Kegiatan ini dibuka Sekretaris Daerah Kabupaten Barru, Dr. Ir. Abustan, M.Si dan dihadiri Kasubag Umum BRPBAPPP, Anton Mulyawan, SH mewakili Kepala BRPBAPPP.
Selain itu hadir pula Kepala Dinas Perikanan Kabupaten Barru, Charly R. Fisher, S.IP, M.Si, Kepala Bidang Pengolahan Dinas Perikanan Barru, Ismawati, Kepala Instalasi Pembenihan Lawallu Barru, Syakariah, S.Pi, Koordinator Penyuluh Perikanan Kabupaten Barru, Penyuluh Perikanan Kabupaten Barru, Sekretaris Desa Ajakkang, Ibnu Rusdi dan Ketua Karang Taruna Kecamatan Soppeng Riaja.
Dalam Sambutannya, Sekda Barru, Abusta menyampaikan bahwa perlu penguatan kolaborasi dalam mewujudkan program SFV. Dimana, kata Sekda, untuk.mewujudkan seperti yang ada dalam nota kesepakatan, maka perlu membangun keseimbangan keberlanjutan pada program ini.
Sekda juga menegaskan perlu adanya identifikasi peran para stakeholder seperti PT Bomar dan mendesain program SFV secara komprehensif.
“Keberhasilan program SFV di Ajalkang dan direplikasi ke desa yang lain. Perlu juga membentuk tim di lingkup Pemkab Barru,” katanya.
Sementara itu Kasubag Umum BRPBAPPP Maros, Anton Mulyawan dalam sambutannya menyampaikan permohonan maaf karena Kepala BRPBAPPp tidak sempat hadir karena mendampingi Itjen KKP dalam rangka monev.
“Memang program ini perlu mendorong penyusunan master plan eduwisata dan perlu akselerasi serta kolaborasi dalam mendukung Program SFV Ajakkang. Keterlibatan OPD juga sebaiknya secara konsisten,” ujar Anton.
Di tempat yang sama, Kepala Dinas Perikanan Barru, Charly R Fisher memaparkan pemetaan rencana aksi dalam mendukung program SFV. Menurutnya, perlunya melakukan rativikasi kelompok budidaya dan nelayan.
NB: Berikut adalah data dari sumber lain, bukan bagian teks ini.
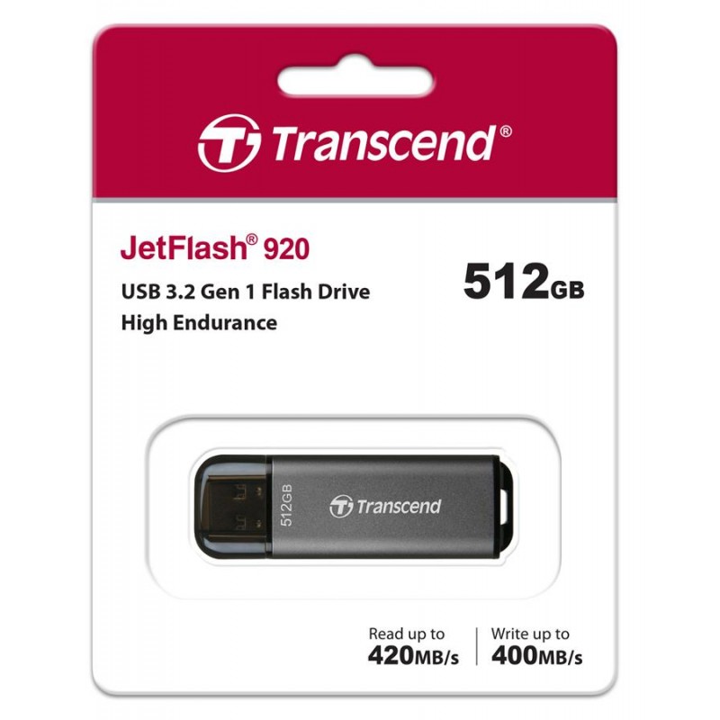JetFlash 920 має містку пам'ять об'ємом до 512 ГБ, що дозволяє переносити, зберігати та обмінюватися файлами простіше, ніж будь-коли раніше.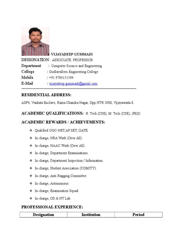 ACADEMIC QUALIFICATIONS: B. Tech (CSE), M. Tech (CSE), (PhD)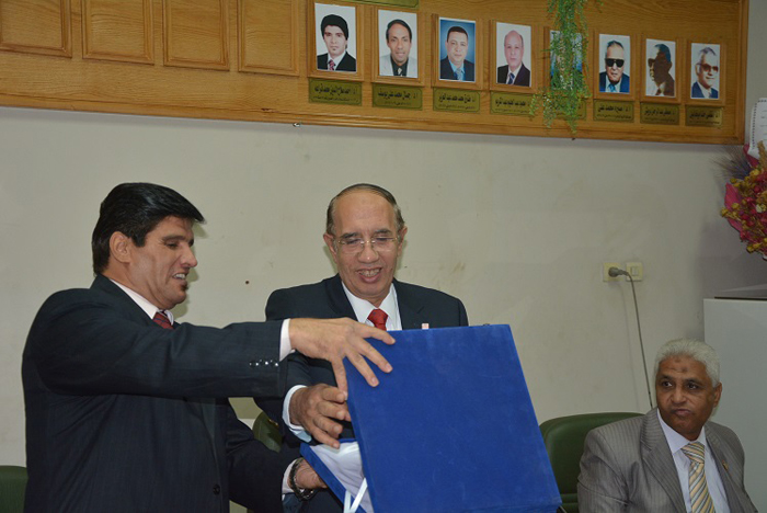 Mr. A. Dr. Ahmed Salah Qarah, Dean of the Faculty of Physical Education to dedicate the faculty shield to Prof. Dr. Ahmed Abdo Jaayy, rector of the university during his visit to the College the opening of the laboratory of Prof. Dr. Ahmed Abdo Jaayy for biomechanics, and Prof. Dr. Omar Shokri's Laboratory for sports physiology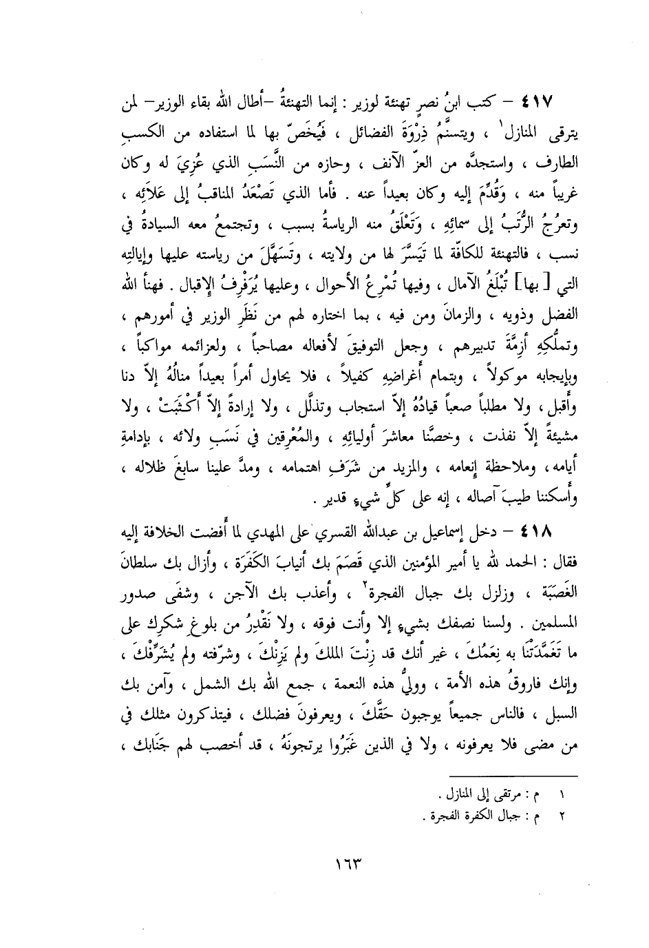 417- كتب ابن نصر تهنئة لوزير: إنما التهنئة- أطال الله بقاء الوزير- لمن يترقى المنازل [1] ، ويتسنّم ذروة الفضائل، فيخصّ بها لما استفاده من الكسب الطارف، واستجدّه من العزّ الآنف، وحازه من النّسب الذي عزي له وكان غريبا منه، وقدّم إليه وكان بعيدا عنه. فأما الذي تصعد المناقب إلى علائه، وتعرج الرّتب إلى سمائه، وتعلق منه الرياسة بسبب، وتجتمع معه السيادة في نسب، فالتهنئة للكافّة لما تيسّر لها من ولايته، وتسهّل من رياسته عليها وإيالته التي [بها] تبلغ الآمال، وفيها تمرع الأحوال، وعليها يرفرف الإقبال. فهنأ الله الفضل وذويه، والزمان ومن فيه، بما اختاره لهم من نظر الوزير في أمورهم، وتملّكه أزمّة تدبيرهم، وجعل التوفيق لأفعاله مصاحبا، ولعزائمه مواكبا، وبإيجابه موكولا، وبتمام أغراضه كفيلا، فلا يحاول أمرا بعيدا مناله إلّا دنا وأقبل، ولا مطلبا صعبا قياده إلّا استجاب وتذلّل، ولا إرادة إلّا أكثبت، ولا مشيئة إلّا نفذت، وخصّنا معاشر أوليائه، والمعرقين في نسب ولائه، بإدامة أيامه، وملاحظة إنعامه، والمزيد من شرف اهتمامه، ومدّ علينا سابغ ظلاله، وأسكننا طيب آصاله، إنه على كلّ شيء قدير.

Pra FGD yang dipandu Muhammad Yusuf, S.Sos, M.Si selaku Pejabat Perencana Ahli Muda BRPBAPPP menjelaskan bahwa telah tersusun rumusan-rumasan pemetaan peran masing-masing OPD sebagai bahan awal dalam pelaksanaan FGD secara komprehensif nantinya. (*)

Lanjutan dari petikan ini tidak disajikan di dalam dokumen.